Scientists have said that getting 30 minutes of Exercise each day is beneficial to mental health. As an experiment we can try to classify depression based on a person's exercise.

We can get the sum of the highest consecutive 30 minutes every day to determine an 'Exercise Score' for each person each day they participated in the experiment. Then we can get the average, standard deviation, min and max of each person's activity scores and try to classify them based off of that. 

In [None]:
# take a persons total activity log and split into "days" or 24 hours
# find max sum of 30 consecutive minutes and put that as a time series value. 
import math


exerciseScores = []
for person in df.Activity.tolist():
    personScores = []
    dayCount = len(person)//(24*60)
    for i in range(0, dayCount): # for each day the person participated
        maxActivity = -1
        startOfDay = i * (24*60)
        endOfDay = min(i * (24*60) + (24*60), len(person)-1)
        for j in range(startOfDay, endOfDay- 30): # for each minute in the specific day. (except the last 30 minutes)
            score = sum(person[j : j+30]) # Get the sum of the activity for the 30 minutes
            if score > maxActivity: # if this is the max then save it as the max
                maxActivity = score
        personScores.append(maxActivity) # append Score to person scores
    
    exerciseScores.append(personScores) # append each person's score TS to the exercise scores

# Clean up exercise scores by removing bad data. (Any data where the max activity for the entire day was less than 1000) 
# The reason we would get anything less than 1000 is if the person did not move at all through the whole day, or they 
# had a bad sensor.
for p in exerciseScores:
    trash = []
    for s in p:
        if s <= 1000:
            trash.append(s)
    for t in trash:
        p.remove(t)

minlen = min(len(i) for i in exerciseScores)
# create a TS with mean, std, min, and max to make each have the same length
exerciseStats = []
for person in exerciseScores:
	temp = [np.average(person), np.std(person), min(person), max(person)]
	exerciseStats.append(temp)
    


In [None]:
y = np.array(y)
x = np.array(exerciseStats)

a = []
for _ in range(100):
	sss = StratifiedShuffleSplit(n_splits=1, test_size=0.02)
	sss.get_n_splits(x, y)
	for train_index, test_index in sss.split(x, y):
		X_train, X_test = x[train_index], x[test_index]
		y_train, y_test = y[train_index], y[test_index]

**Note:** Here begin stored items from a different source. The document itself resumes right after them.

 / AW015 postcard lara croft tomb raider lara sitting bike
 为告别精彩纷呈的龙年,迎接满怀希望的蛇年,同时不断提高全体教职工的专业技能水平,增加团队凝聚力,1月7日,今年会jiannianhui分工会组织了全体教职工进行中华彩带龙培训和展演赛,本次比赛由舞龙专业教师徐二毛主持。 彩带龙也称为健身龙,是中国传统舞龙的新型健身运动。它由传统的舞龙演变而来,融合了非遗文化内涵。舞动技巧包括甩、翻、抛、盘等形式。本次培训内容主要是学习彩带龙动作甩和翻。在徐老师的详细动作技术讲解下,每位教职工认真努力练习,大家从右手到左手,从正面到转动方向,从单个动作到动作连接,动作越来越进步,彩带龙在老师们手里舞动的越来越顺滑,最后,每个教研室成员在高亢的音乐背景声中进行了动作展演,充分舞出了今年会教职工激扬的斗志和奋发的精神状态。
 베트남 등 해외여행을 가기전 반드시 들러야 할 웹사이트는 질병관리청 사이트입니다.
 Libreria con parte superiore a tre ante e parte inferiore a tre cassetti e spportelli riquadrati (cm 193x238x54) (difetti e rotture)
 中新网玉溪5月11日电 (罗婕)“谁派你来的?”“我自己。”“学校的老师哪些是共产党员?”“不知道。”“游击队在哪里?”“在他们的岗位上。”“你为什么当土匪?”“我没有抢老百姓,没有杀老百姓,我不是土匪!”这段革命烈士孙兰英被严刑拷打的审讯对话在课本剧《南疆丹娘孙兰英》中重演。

	clf=RandomForestClassifier(n_estimators=10)
	clf.fit(X_train, y_train.ravel())
	accuracy = clf.score(X_test, y_test)
	a.append(accuracy)
print("Average Accuracy:", np.average(a))

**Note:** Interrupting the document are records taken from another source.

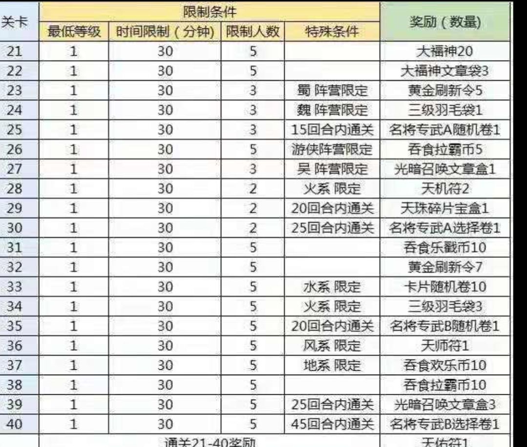 【图7是21-40关的要求和奖励,目前国服还没开放,大家可以根据奖励未雨绸缪一下】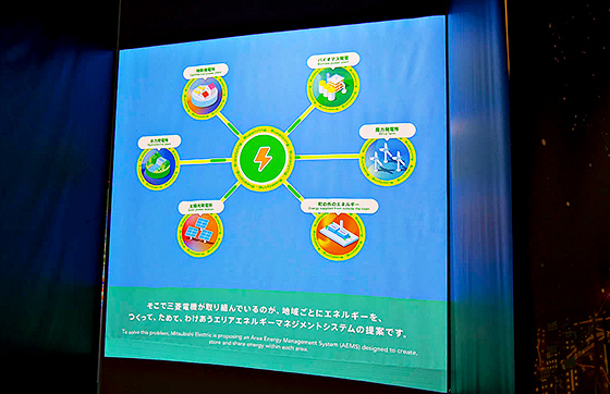 今回の企画展示から、大型ビジョンがリニューアル! プロジェクターによる合計16Kの高精細映像により、これまで以上に迫力のあるアトラクションが楽しめるようになりました。新ビジョンで体験できるのは、電力の地産地消を実現する「エリアエネルギーマネジメントシステム」。その内容を詳しく紹介していきましょう。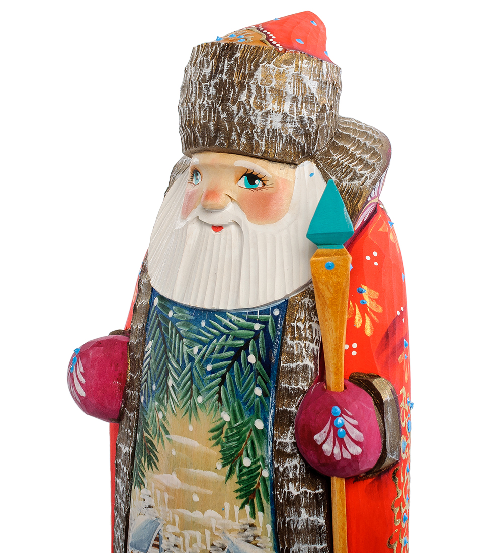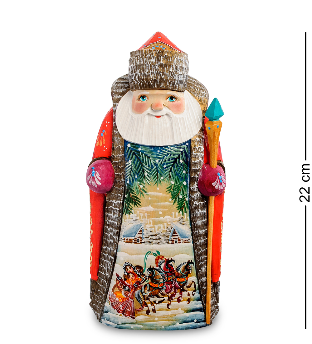 Рд-54 фигурка дед мороз с посохом (резной) 21см. Материал: дерево, акриловая краска Страна производства: Россия Размеры изделия: Размеры упаковки:

Here we see that we are getting an average score of around 50%. This shows that exercising daily does not have much coorelation with depression. One can choose to not exercise and still not have depression. Likewise a depressed person can exercise and still have depression. The results of this fun analysis do not indicate that exercise does not help allievate the symptoms of depression, only that a diagnosed person has the same ability to exercise as a person without depression.